Гольцман встал и налил себе и Ольге по новой порции кофе.
– Понимаешь, не понимаешь – не важно. Я предлагаю тебе стать его президентом.
– Президентом чего?
– Не валяй дурака. Президентом фонда "Город".
– Зачем?
– Затем, что мне нужен президент. Я не могу все на себя взваливать. А кроме того, ты, как вдова Лекова…
– О господи! Сколько можно!
– Сколько нужно, столько и можно. Тебе деньги нужны?
– Нужны.
– Вот. А деньги, милая моя, надо зарабатывать. Они с неба ни на кого не падают.
– Это ясно.
– А раз тебе ясно, говори – будешь в фонде работать?

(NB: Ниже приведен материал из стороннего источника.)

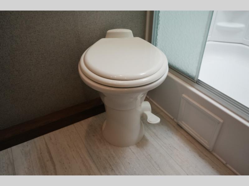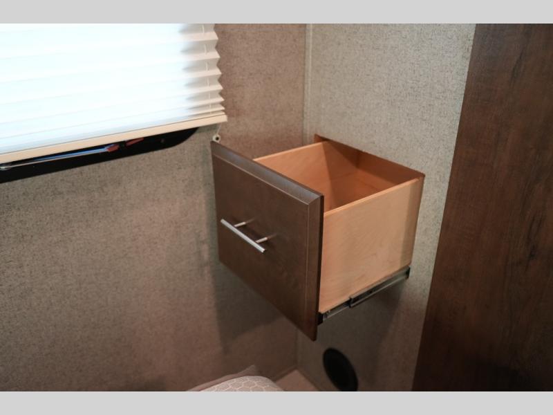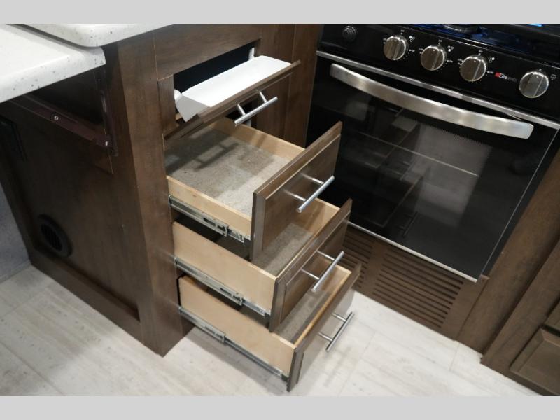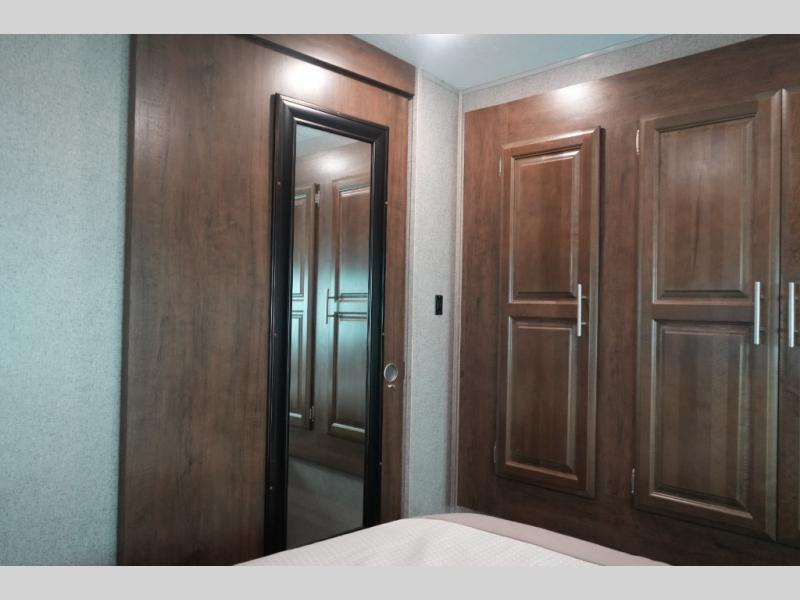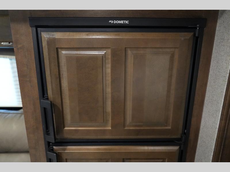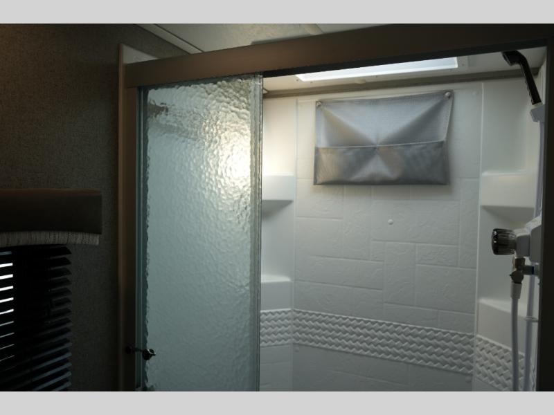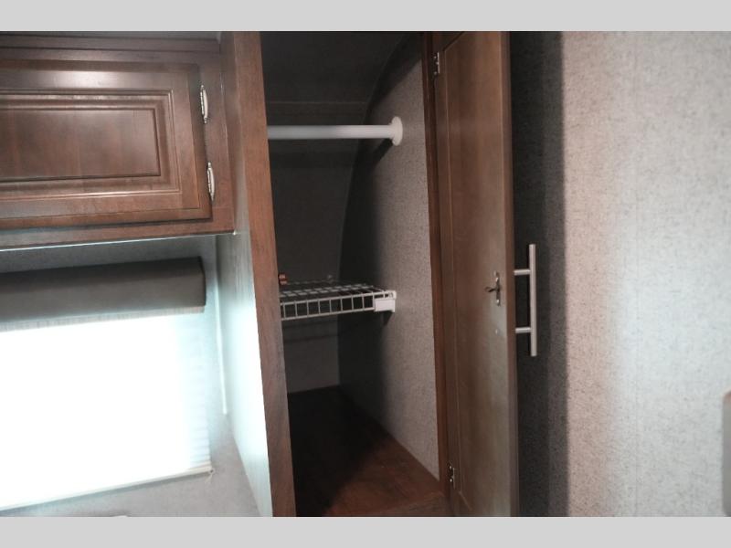 • Private Front Bedroom: Includes an RV queen bed and a wardrobe slide for expanded storage.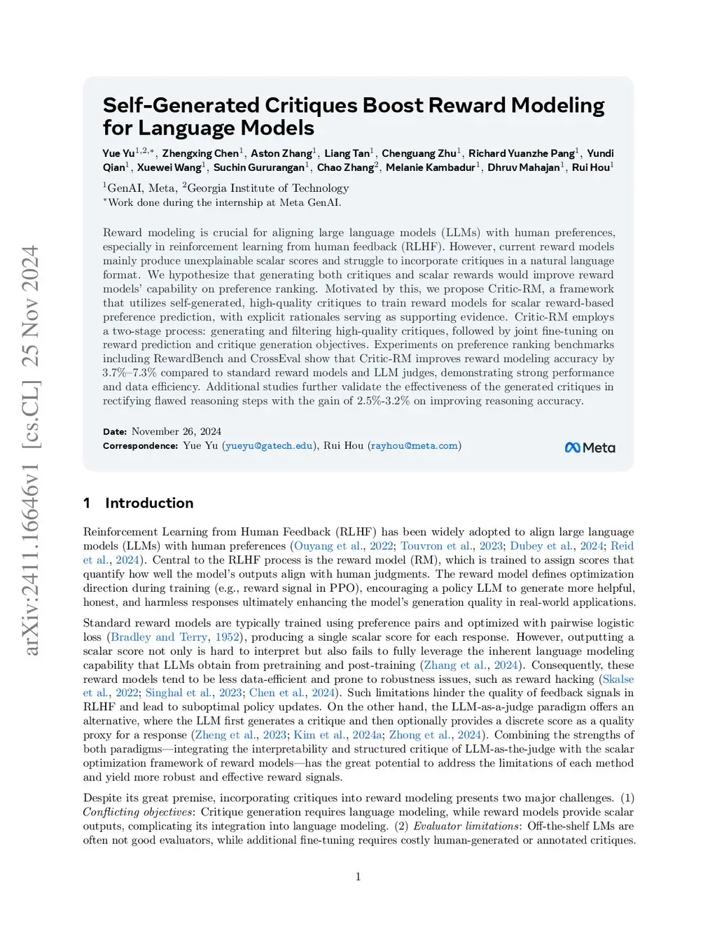 Self-Generated Critiques Boost Reward Modeling for Language Models

– Ха! Так я же ничего в этом не понимаю!
– Тебе ничего и не надо понимать. Там вообще делать нечего. К тебе будут приходить люди, приносить разные проекты и просить под них денег. А ты будешь рассматривать эти проекты. Вместе со мной, конечно. И мы вместе будем решать, как и что делать.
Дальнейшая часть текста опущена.